• **Assignment**
Return each entry word for word, without its pictures.

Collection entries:
BEGIN

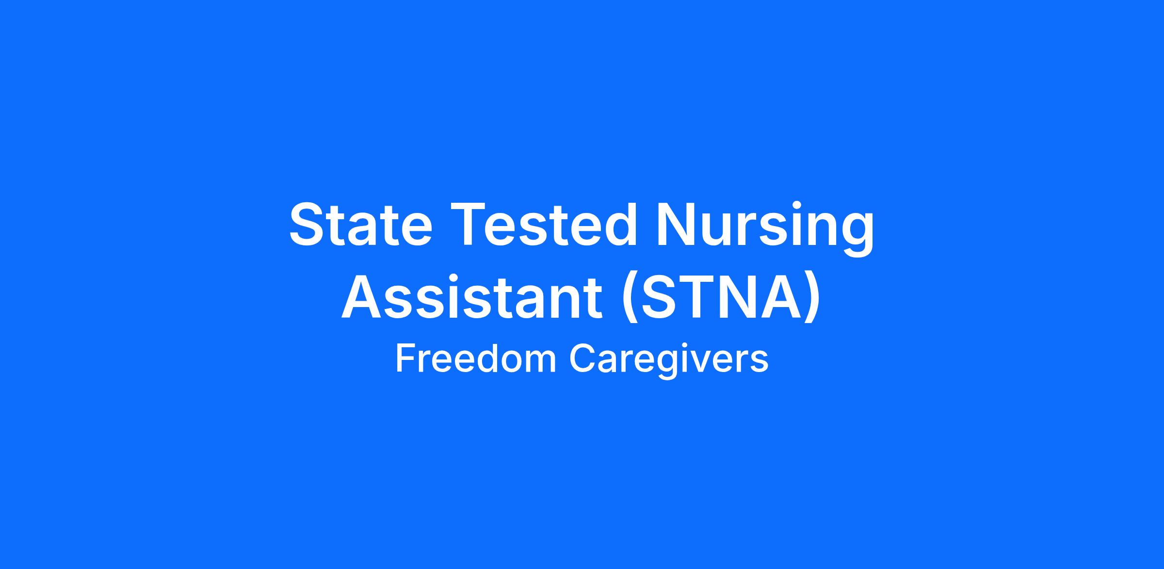 Join Freedom Caregivers and start a meaningful career in healthcare! We provide on-the-job training and opportunities to grow your skills while making a real difference in the lives of others. Whether you are new to healthcare or an experienced STNA, we want you on our team.
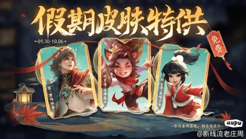 国庆皮肤雨,免费皮肤3选1,6款限定皮肤免费体验
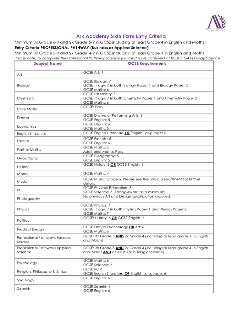 Ark Academy Sixth Form Entry Criteria Minimum 3x Grade 69 and 2x Grade 59 in GCSE including at least Grade 4 in English and Math Entry Criteria PROFESSIONAL PATHWAY (Business or Applied Science):
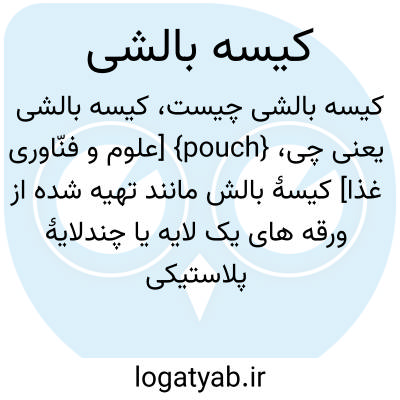 {pouch} [علوم و فنّاوری غذا] کیسۀ بالش مانند تهیه شده از ورقه های یک لایه یا چندلایۀ پلاستیکی که از آن برای بسته بندی غذا استفاده شود
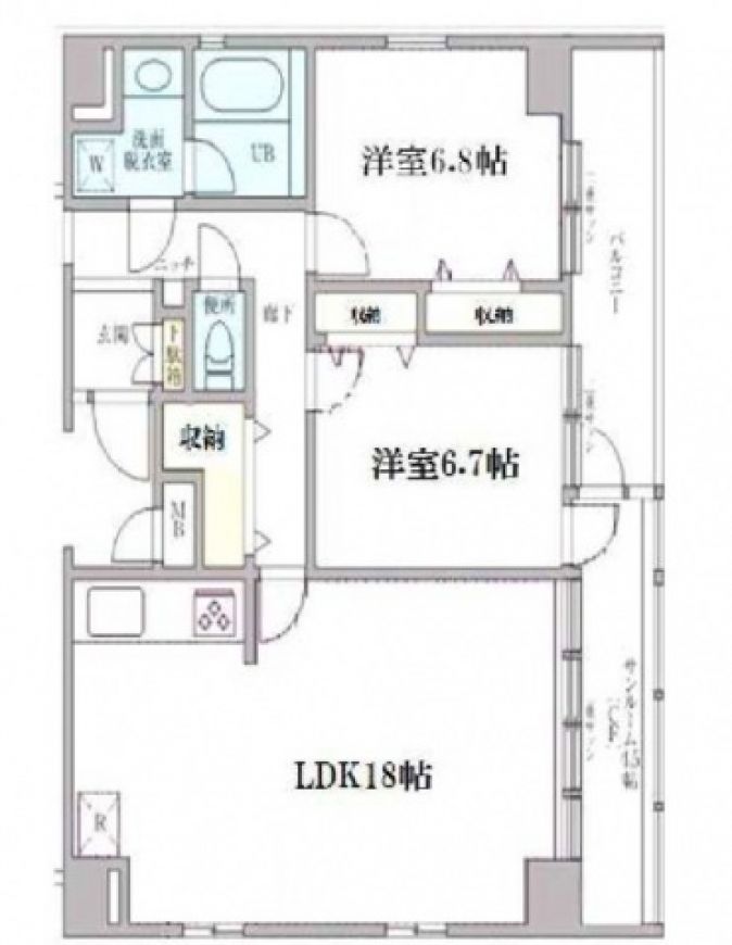 | 間取内訳/間取備考 | 洋6.7帖 / 洋6.8帖 / LDK18.0帖/ |
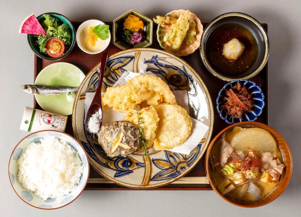 「天ぷら盛り合わせ御膳 (新潟県産肉厚椎茸・鶏天・豚天) 」(あおさ味噌汁セット1925円、八海山酒粕豚汁セット2310円共に税込)。
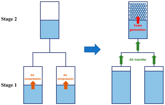 In this subsection, how aqueous foam can be employed in a multi-stage compression system is suggested in an energy-saving manner. Even though there is no additional work input while the process is ongoing, generating foam ahead of the start of the process requires work input. However, this work input can be saved in a multi-stage compression system, and this mechanism is schematically illustrated in Figure 12.
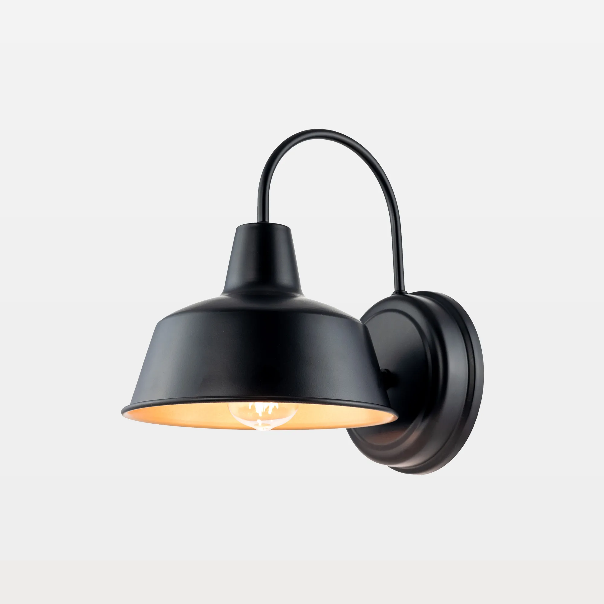 This outdoor barn light features a galvanized finish that adds charm and vintage-inspired style to your porch or main entrance. It’s crafted from metal, and it showcases a round, tapered backplate that connects to a sleek, curved arm. The bell-shaped shade at the end of the arm has a light finish on the inside for a rich color contrast. Its open design aims to ambient light all around your space from a single bulb up to 60W, which is sold separately. We love how its waterproof design stands up to rain showers.
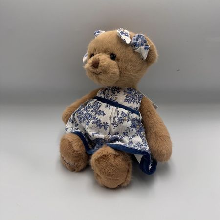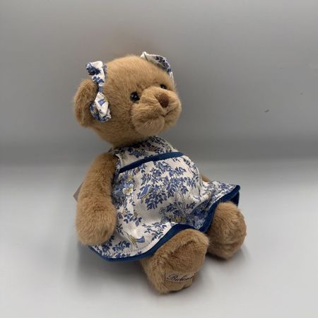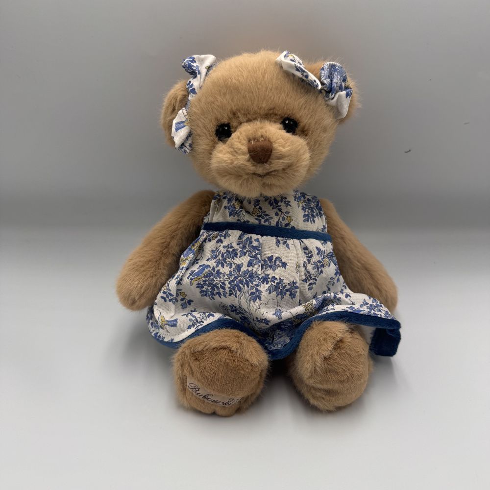Miś ubrany jest w piękną kwiecistą sukienkę w odcieniach niebieskiego, która nadaje maskotce eleganckiego i dziewczęcego charakteru. Przy uszach znajdują się dopasowane kokardki z kwiecistego materiału, dzięki czemu całość prezentuje się bardzo harmonijnie i uroczo. Isabelle to idealna przytulanka oraz piękny pomysł na prezent.
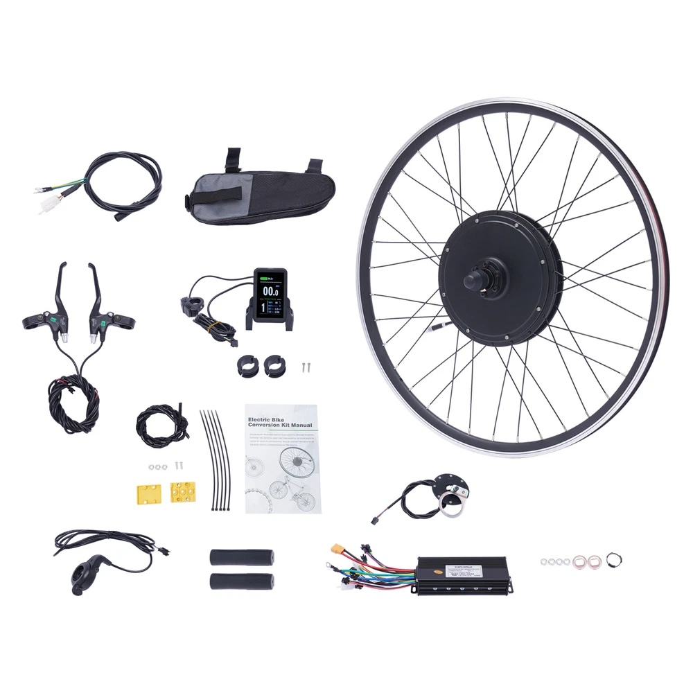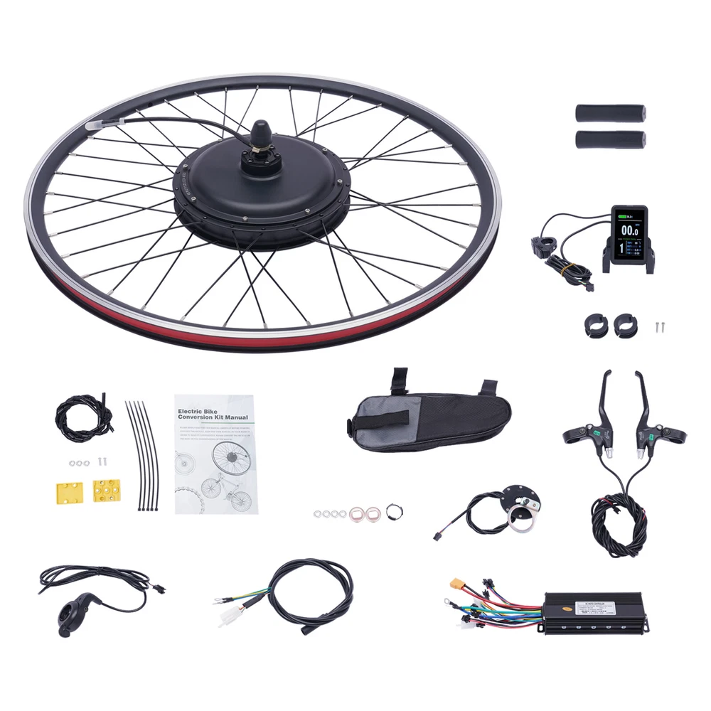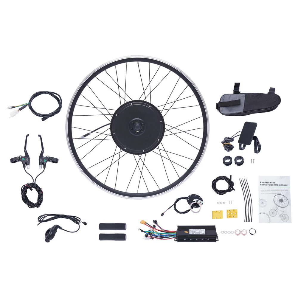 700C Front Wheel E-Bike Electric Bicycle Conversion Kit 48V 1000W Hub Motor Kit Description Do you want to convert your favorite bicycle into an electric bicycle to enjoy its power and comfort? Then you can't miss our electric bicycle motor conversion kit. The display and pedal sensor will allow you to quickly switch between throttle control, cruise control and pedal assist sensor (PAS) to enjoy feeling the headwind on the road. It will be ideal for you! Specifications Material: Aluminum Alloy Color: Black Suspension Type: Front/Rear Special Feature: Electric Assembly Requirement: Yes Brake Type: Power-off Brake Lever (Applicable to V Brake, Disc Brake) Motor Type: Brushless Gearless Motor Gear Adjustment: 5 Gears Recommended Battery: 48V 13AH or Higher Capacity Battery(Not Included) Output Voltage: 48V Power: 1000W Minimum Flat Fork Distance: 100mm/3.94in Speed: 45-55km/h Display Size: 6.8*9.6cm/2.67*3.77in Packing Size: 65*65*22cm/25.59*25.59*8.66in Suitable Wheel Diameter: 28-inch, 29-inch, 700C Gross Weight: 11kg/24.25lbs Net Weight: 10kg/22lbs Loading Capacity: 120kg/264lbs Front Wheel Package Included: 1* Motor Wheel 1* Display 2* Brake Levers 1* Controller 1* Thumb Knob Handle 1* Controller Bag 1* Pedal Assist Sensor 1 * Motor Cord 1 * Winding Pipe 1* English Instruction Manual All Accessories for Assembly Key Features Enjoy Riding: It converts your bike into an e-bike for efficiency and convenience, allowing you to fully enjoy the fun of riding on your commute and short journeys. Complete Set: This kit contains the complete range of accessories needed to convert your bike without you having to buy them separately. The matching kit will provide you with more consistent and stable performance. User-friendly Features : According to different road conditions and personal needs, it allows 5-gear speed adjustment. At the same time, when the riding speed is maintained, pressing the button key for 2-3 seconds will enter the cruise function, making the riding process easier! Powerful Motor : With a 1000w brushless gearless motor, it can reach a maximum speed of 45-55KM/H. Compared to brush motors, it allows for smooth, fast acceleration and low noise operation without replacing the brush, thus making maintenance easier. Safe and Reliable : The brake lever can cut off the power supply of the motor in case of emergency braking, so that the bicycle can stop in time to ensure riding safety. Dual Mode Controller : The motor works under Hall effect and non-Hall effect. If the component fails, the controller will switch to non-Hall effect mode and the motor will continue to work. Robust and Durable : The aluminum alloy wheel frame is very durable, stable, rust-proof and wear-resistant, ensuring long service life and strong load-bearing capacity, up to 264lbs. Customer Service: We aim to provide quality products and services. If you have any problems, please feel free to contact us. We will reply and solve the problem for you as soon as possible. Notes While connecting the controller to the wires, please make sure that you connect the right colors to the controller. Otherwise, the controller may be broken. This kit does not include tires, batteries and chargers, which need to be purchased by customers. Please check the product size and practical voltage before purchasing. It is suitable for the front wheel of a two-wheeled bike. It cannot be used for three-wheelers or multi-wheelers. Please note that the motor can use hydraulic disc brake and wire disc brake, but the brake handle provided is wire disc brake. Please allow the slight color difference caused by the shooting light and 1-3cm error due to manual measurement, and make sure you do not mind before you order. Payment Delivery details Terms of sales About us Contact us Payment We accept ebay payment 。 Fees such as import duties, taxes are not included in the item price or shipping costs. These charges are the buyer's responsibility. Delivery details Shipping: 2-9 working days to: USA Terms of sales We maintain high standards of excellence and strive for hundred percent customer satisfaction. Feedback is very important to us. We hope that you contact us immediately before you give neutral or negative feedback, so that we can address your concerns. It is impossible to address issues if we do not know about them! About us Your satis faction is our ultimate goal. We work hard to earn your trust and future business. Our certified technicians have tested each item before shipping. The unit comes with 1 year limited warranty on all manufacturing defects. a) If you receive a defective item, you may return it or ask for a discount. Please contact us within 14 days after you receive the package. b) What you returned must be intact and in its original packaging as re? u. Customer is responsible for shipping costs of the returned item. c) We will cover the cost of shipping back t with the shipping rate indicated in the registration page. We will send you a new unit or refund the full payment you paid. Thank you. Contact us Business Hour Business Hour: Monday To Friday: 8:30 AM to 5:00 PM (Beijing China time) Due to time zones, our reply to your questions may not be immediately. But within above working time, we will reply your email within 24 hours. If it's non-workdays, please kindly be patient and wait till Monday. Please contact us with ebay message. Please feel free to contact us if you have any questions. Monday To Friday: 8:30 AM to 5:00 PM (Beijing China time) Due to time zones, our reply to your questions may not be immediately. But within above working time, we will reply your email within 24 hours. If it's non-workdays, please kindly be patient and wait till Monday. Please contact us with ebay message. Please feel free to contact us if you have any questions.

END

• **Expected answer**
 Join Freedom Caregivers and start a meaningful career in healthcare! We provide on-the-job training and opportunities to grow your skills while making a real difference in the lives of others. Whether you are new to healthcare or an experienced STNA, we want you on our team.
 国庆皮肤雨,免费皮肤3选1,6款限定皮肤免费体验
 Ark Academy Sixth Form Entry Criteria Minimum 3x Grade 69 and 2x Grade 59 in GCSE including at least Grade 4 in English and Math Entry Criteria PROFESSIONAL PATHWAY (Business or Applied Science):
 {pouch} [علوم و فنّاوری غذا] کیسۀ بالش مانند تهیه شده از ورقه های یک لایه یا چندلایۀ پلاستیکی که از آن برای بسته بندی غذا استفاده شود
 | 間取内訳/間取備考 | 洋6.7帖 / 洋6.8帖 / LDK18.0帖/ |
 「天ぷら盛り合わせ御膳 (新潟県産肉厚椎茸・鶏天・豚天) 」(あおさ味噌汁セット1925円、八海山酒粕豚汁セット2310円共に税込)。
 In this subsection, how aqueous foam can be employed in a multi-stage compression system is suggested in an energy-saving manner. Even though there is no additional work input while the process is ongoing, generating foam ahead of the start of the process requires work input. However, this work input can be saved in a multi-stage compression system, and this mechanism is schematically illustrated in Figure 12.
 This outdoor barn light features a galvanized finish that adds charm and vintage-inspired style to your porch or main entrance. It’s crafted from metal, and it showcases a round, tapered backplate that connects to a sleek, curved arm. The bell-shaped shade at the end of the arm has a light finish on the inside for a rich color contrast. Its open design aims to ambient light all around your space from a single bulb up to 60W, which is sold separately. We love how its waterproof design stands up to rain showers.
Miś ubrany jest w piękną kwiecistą sukienkę w odcieniach niebieskiego, która nadaje maskotce eleganckiego i dziewczęcego charakteru. Przy uszach znajdują się dopasowane kokardki z kwiecistego materiału, dzięki czemu całość prezentuje się bardzo harmonijnie i uroczo. Isabelle to idealna przytulanka oraz piękny pomysł na prezent.
 700C Front Wheel E-Bike Electric Bicycle Conversion Kit 48V 1000W Hub Motor Kit Description Do you want to convert your favorite bicycle into an electric bicycle to enjoy its power and comfort? Then you can't miss our electric bicycle motor conversion kit. The display and pedal sensor will allow you to quickly switch between throttle control, cruise control and pedal assist sensor (PAS) to enjoy feeling the headwind on the road. It will be ideal for you! Specifications Material: Aluminum Alloy Color: Black Suspension Type: Front/Rear Special Feature: Electric Assembly Requirement: Yes Brake Type: Power-off Brake Lever (Applicable to V Brake, Disc Brake) Motor Type: Brushless Gearless Motor Gear Adjustment: 5 Gears Recommended Battery: 48V 13AH or Higher Capacity Battery(Not Included) Output Voltage: 48V Power: 1000W Minimum Flat Fork Distance: 100mm/3.94in Speed: 45-55km/h Display Size: 6.8*9.6cm/2.67*3.77in Packing Size: 65*65*22cm/25.59*25.59*8.66in Suitable Wheel Diameter: 28-inch, 29-inch, 700C Gross Weight: 11kg/24.25lbs Net Weight: 10kg/22lbs Loading Capacity: 120kg/264lbs Front Wheel Package Included: 1* Motor Wheel 1* Display 2* Brake Levers 1* Controller 1* Thumb Knob Handle 1* Controller Bag 1* Pedal Assist Sensor 1 * Motor Cord 1 * Winding Pipe 1* English Instruction Manual All Accessories for Assembly Key Features Enjoy Riding: It converts your bike into an e-bike for efficiency and convenience, allowing you to fully enjoy the fun of riding on your commute and short journeys. Complete Set: This kit contains the complete range of accessories needed to convert your bike without you having to buy them separately. The matching kit will provide you with more consistent and stable performance. User-friendly Features : According to different road conditions and personal needs, it allows 5-gear speed adjustment. At the same time, when the riding speed is maintained, pressing the button key for 2-3 seconds will enter the cruise function, making the riding process easier! Powerful Motor : With a 1000w brushless gearless motor, it can reach a maximum speed of 45-55KM/H. Compared to brush motors, it allows for smooth, fast acceleration and low noise operation without replacing the brush, thus making maintenance easier. Safe and Reliable : The brake lever can cut off the power supply of the motor in case of emergency braking, so that the bicycle can stop in time to ensure riding safety. Dual Mode Controller : The motor works under Hall effect and non-Hall effect. If the component fails, the controller will switch to non-Hall effect mode and the motor will continue to work. Robust and Durable : The aluminum alloy wheel frame is very durable, stable, rust-proof and wear-resistant, ensuring long service life and strong load-bearing capacity, up to 264lbs. Customer Service: We aim to provide quality products and services. If you have any problems, please feel free to contact us. We will reply and solve the problem for you as soon as possible. Notes While connecting the controller to the wires, please make sure that you connect the right colors to the controller. Otherwise, the controller may be broken. This kit does not include tires, batteries and chargers, which need to be purchased by customers. Please check the product size and practical voltage before purchasing. It is suitable for the front wheel of a two-wheeled bike. It cannot be used for three-wheelers or multi-wheelers. Please note that the motor can use hydraulic disc brake and wire disc brake, but the brake handle provided is wire disc brake. Please allow the slight color difference caused by the shooting light and 1-3cm error due to manual measurement, and make sure you do not mind before you order. Payment Delivery details Terms of sales About us Contact us Payment We accept ebay payment 。 Fees such as import duties, taxes are not included in the item price or shipping costs. These charges are the buyer's responsibility. Delivery details Shipping: 2-9 working days to: USA Terms of sales We maintain high standards of excellence and strive for hundred percent customer satisfaction. Feedback is very important to us. We hope that you contact us immediately before you give neutral or negative feedback, so that we can address your concerns. It is impossible to address issues if we do not know about them! About us Your satis faction is our ultimate goal. We work hard to earn your trust and future business. Our certified technicians have tested each item before shipping. The unit comes with 1 year limited warranty on all manufacturing defects. a) If you receive a defective item, you may return it or ask for a discount. Please contact us within 14 days after you receive the package. b) What you returned must be intact and in its original packaging as re? u. Customer is responsible for shipping costs of the returned item. c) We will cover the cost of shipping back t with the shipping rate indicated in the registration page. We will send you a new unit or refund the full payment you paid. Thank you. Contact us Business Hour Business Hour: Monday To Friday: 8:30 AM to 5:00 PM (Beijing China time) Due to time zones, our reply to your questions may not be immediately. But within above working time, we will reply your email within 24 hours. If it's non-workdays, please kindly be patient and wait till Monday. Please contact us with ebay message. Please feel free to contact us if you have any questions. Monday To Friday: 8:30 AM to 5:00 PM (Beijing China time) Due to time zones, our reply to your questions may not be immediately. But within above working time, we will reply your email within 24 hours. If it's non-workdays, please kindly be patient and wait till Monday. Please contact us with ebay message. Please feel free to contact us if you have any questions.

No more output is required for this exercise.